The damage: 31 home runs in the 70 games between June 19 and Monday (he also hit one Tuesday night). That's a pace for a staggering 72 home runs over a 162-game season — meaning that if Dozier could somehow keep up the pace over the course of 6 months instead of 2.5 and could play every game, he would challenge Barry Bonds' all-time single-season home run record of 73 set in 2001.
Of course, that kind of pace is rarely sustainable over the course of a season. That's why Bonds — even with his faults — has a place in history.
Perhaps just as impressively is how Dozier's 70-game run compares to what Babe Ruth did in 1927, when he set the home run record with 60 dingers in a season — a record that stood for 34 years until Roger Maris clubbed 61 in 1961.
In 1927, Babe Ruth never had a 70-game span in which he hit 31 home runs. The most I can find is his final 70 games of the season, in which he hit 30 — fueled by a scorching hot September in which he hit 17 home runs for the Yankees.
So you are reading this correctly: Brian Dozier — the second baseman for the Twins, the same one who was ice-cold for much of the second half of last season and the first 2.5 months of this season, the same guy who had never hit more than 28 home runs in a season before this year — has put together a 70-game home run binge that is more impressive than any similar stretch of games for Babe Ruth during the season in which he set an record that stood for nearly three-and-half decades.

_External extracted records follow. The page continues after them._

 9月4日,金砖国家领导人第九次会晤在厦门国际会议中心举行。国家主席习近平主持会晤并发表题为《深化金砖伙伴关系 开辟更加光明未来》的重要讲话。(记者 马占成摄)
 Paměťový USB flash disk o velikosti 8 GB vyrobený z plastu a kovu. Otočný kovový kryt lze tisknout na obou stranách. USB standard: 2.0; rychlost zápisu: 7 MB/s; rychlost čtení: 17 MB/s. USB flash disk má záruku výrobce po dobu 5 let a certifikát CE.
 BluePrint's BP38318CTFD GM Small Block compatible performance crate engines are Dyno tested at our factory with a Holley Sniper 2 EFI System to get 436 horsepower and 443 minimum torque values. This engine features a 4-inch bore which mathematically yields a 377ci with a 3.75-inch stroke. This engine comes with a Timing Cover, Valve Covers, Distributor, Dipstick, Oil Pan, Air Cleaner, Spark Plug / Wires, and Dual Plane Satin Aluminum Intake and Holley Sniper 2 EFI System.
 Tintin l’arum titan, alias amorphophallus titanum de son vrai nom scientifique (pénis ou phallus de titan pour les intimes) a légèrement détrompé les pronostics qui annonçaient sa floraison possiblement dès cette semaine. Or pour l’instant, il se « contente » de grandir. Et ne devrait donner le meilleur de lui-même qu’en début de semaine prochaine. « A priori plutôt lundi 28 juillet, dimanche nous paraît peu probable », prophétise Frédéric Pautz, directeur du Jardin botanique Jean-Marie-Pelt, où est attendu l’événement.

As for Maris, he did have a 70-game stretch between mid-May and late July in which he hit 37 homers. For the rest of the 91 games he played that season, Maris "only" hit 24 homers.

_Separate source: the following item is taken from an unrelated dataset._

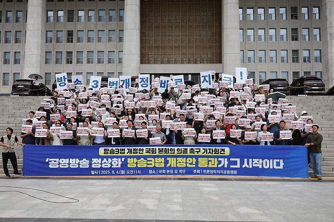 전국언론노동조합과 민주언론시민연합 등 언론계 노동조합·시민사회단체들이 모인 언론장악저지공동행동(아래 공동행동)은 4일 오전 11시 서울 여의도 국회의사당 본청 앞에서 '방송3법 개정안 국회 의결 촉구 공동기자회견'을 열었다.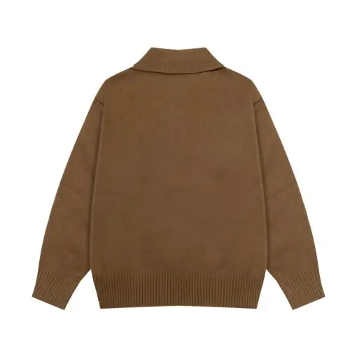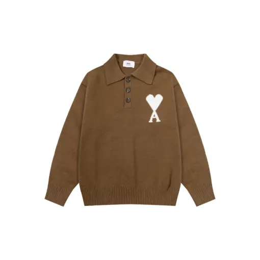 Ami Paris White Heart Jacquard Alpaca Blend Loose Polo Neck Pullover Sweater Khaki

It should also be noted that the 1961 Yankees went 48-22 during Maris' binge and went 51-19 in 1927 during Ruth's best home run tear down the stretch. The Twins? They went a disappointing 31-39 during Dozier's 70-game stretch.
You can view that one of two ways: 1) Dozier's streak is made even more impressive because he clearly doesn't have the same caliber supporting cast around him. 2) Dozier has benefited from having less pressure on him during a lost Twins season. In the end, it probably doesn't matter. There can be no quibbling with how impressive it is for one batter to hit that many home runs in a 70-game span.

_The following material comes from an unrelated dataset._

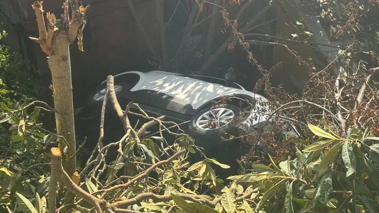 Çamlıtepe Mahallesi Çamlıtepe Cami Sokak'ta yokuş aşağı ilerlerken kaymaya başlayan otomobil, kontrolden çıkarak evin bahçesine düştü.

If you're wondering about Bonds and his record-breaking 2001 season, by the way: it remains an absurd statistical marvel. He played just 153 games and drew 177 walks — giving him a .515 on-base percentage for the season and just 476 official at-bats.
Bonds hit 39 home runs in his first 70 games … and 33 home runs in his final 70 games (with a dry spell of just one HR in 13 games in the middle of those two runs).
But there is other way to look at Dozier's amazing run: from June 19-Sept. 5, the same time frame Dozier hit 31? Bonds hit just 23 that season.